Surgical posttraumatic joint contracture model demonstrating intra-articular, yet extra-capsular, corticotomy of 5-mm × 5-mm and 2.0-mm Kirschner wire (K-wire) placement for joint immobilization.
Next, an incision was made approximately 3 cm distal to the tibial tubercle along the easily palpable subcutaneous border of the tibia. A transosseous 2.0-mm-diameter Kirschner wire (Zimmer Orthopaedic Solutions) was placed through the tibia and then bent posterior to the knee. The knee was flexed to 150°, and the Kirschner wire was contoured around both the tibia and the lateral aspect of the femur. The tibial end of the Kirschner wire was cut flush with the bone to ensure stable immobilization, while protecting the skin from irritation. Postoperatively, all animals were housed in individual cages and permitted to move freely (0.1-m3 cages), without restrictions postoperatively. Twice-daily animal assessments included evaluation of any substantially reduced eating, drinking, or movement. Each animal was killed 8 weeks following the day of surgery, in order to ensure a stable contracture.

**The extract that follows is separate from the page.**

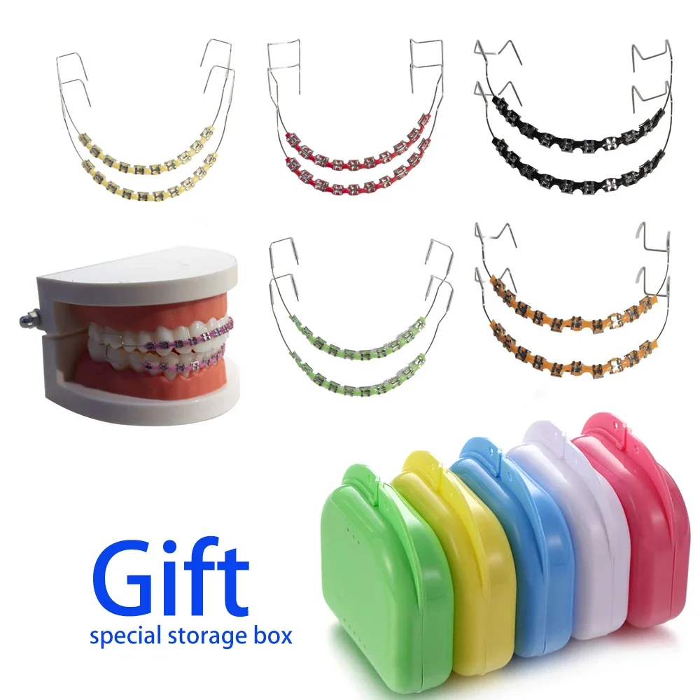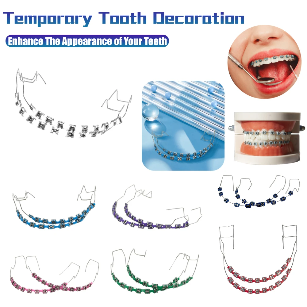 Decoración temporal colorida de odontología dental con cables de Metal, ligaduras de ortodoncia, gemas dentales, soportes falsos para dientes
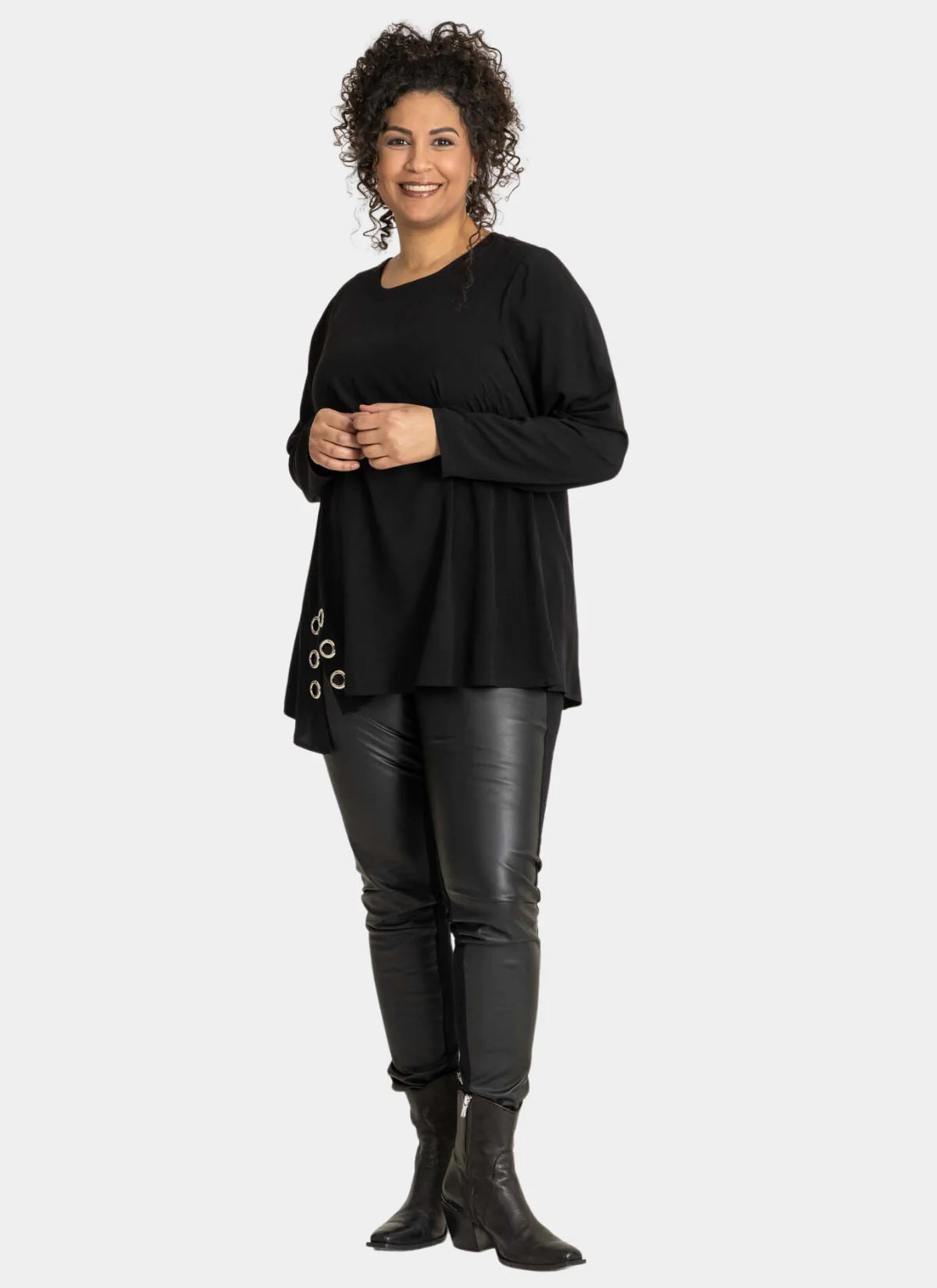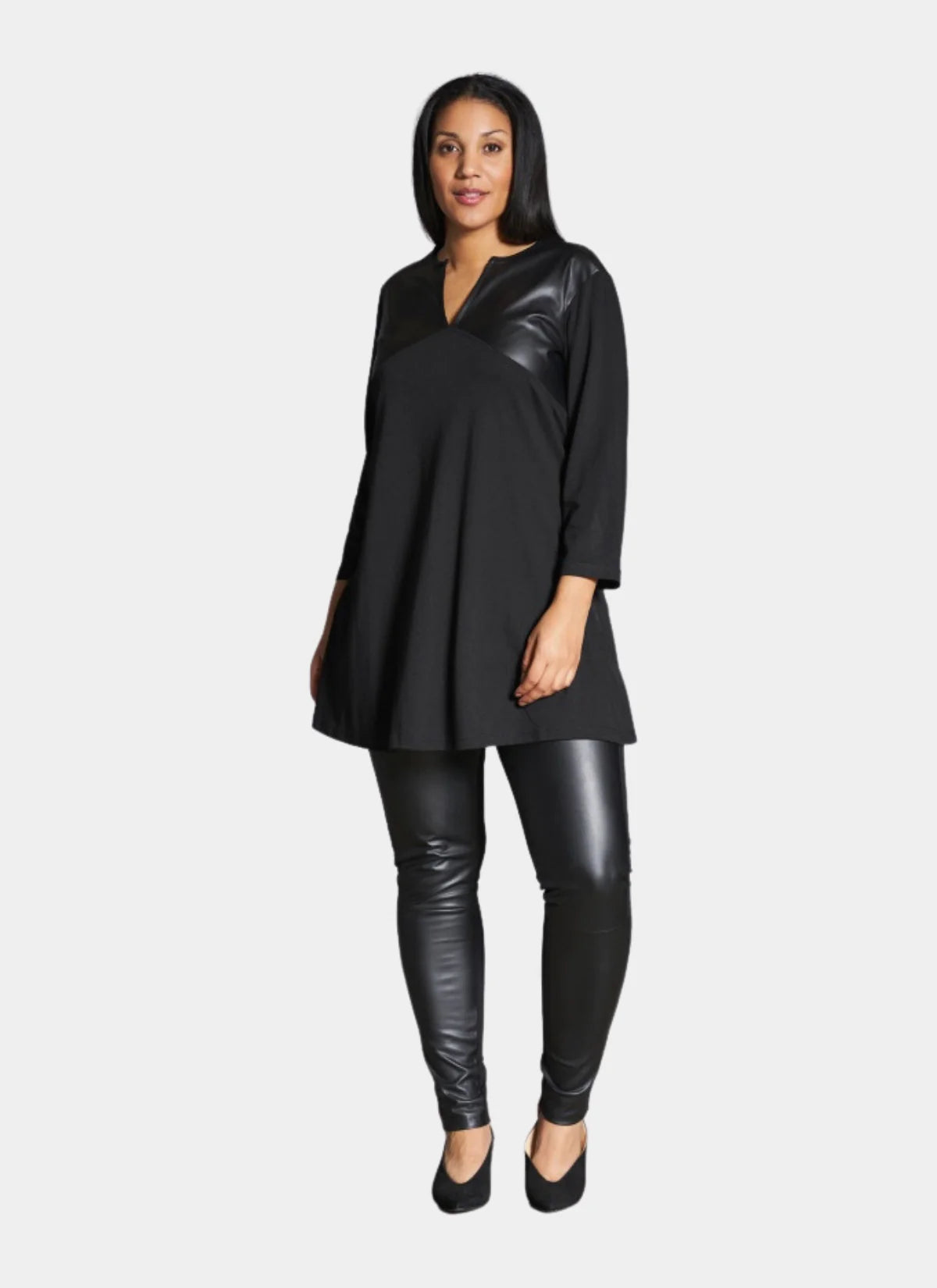 Studio - treggingsbuxur með pleðri að framan og þæginlegu viscose efni að aftan.

Posttraumatic Joint Contracture Testing
The lower limbs were harvested and flexion contractures were measured using a custom rabbit-knee-gripping device15,17, with the axis of rotation centered on the femoral insertion of the medial collateral ligament. This device was attached to a hydraulic material-testing machine (MTS). A standardized torque of 0.2 Nm was applied to each limb to reach terminal extension for 5 cycles, and the contracture angle was calculated with reference to full extension, averaging the 5 cycles.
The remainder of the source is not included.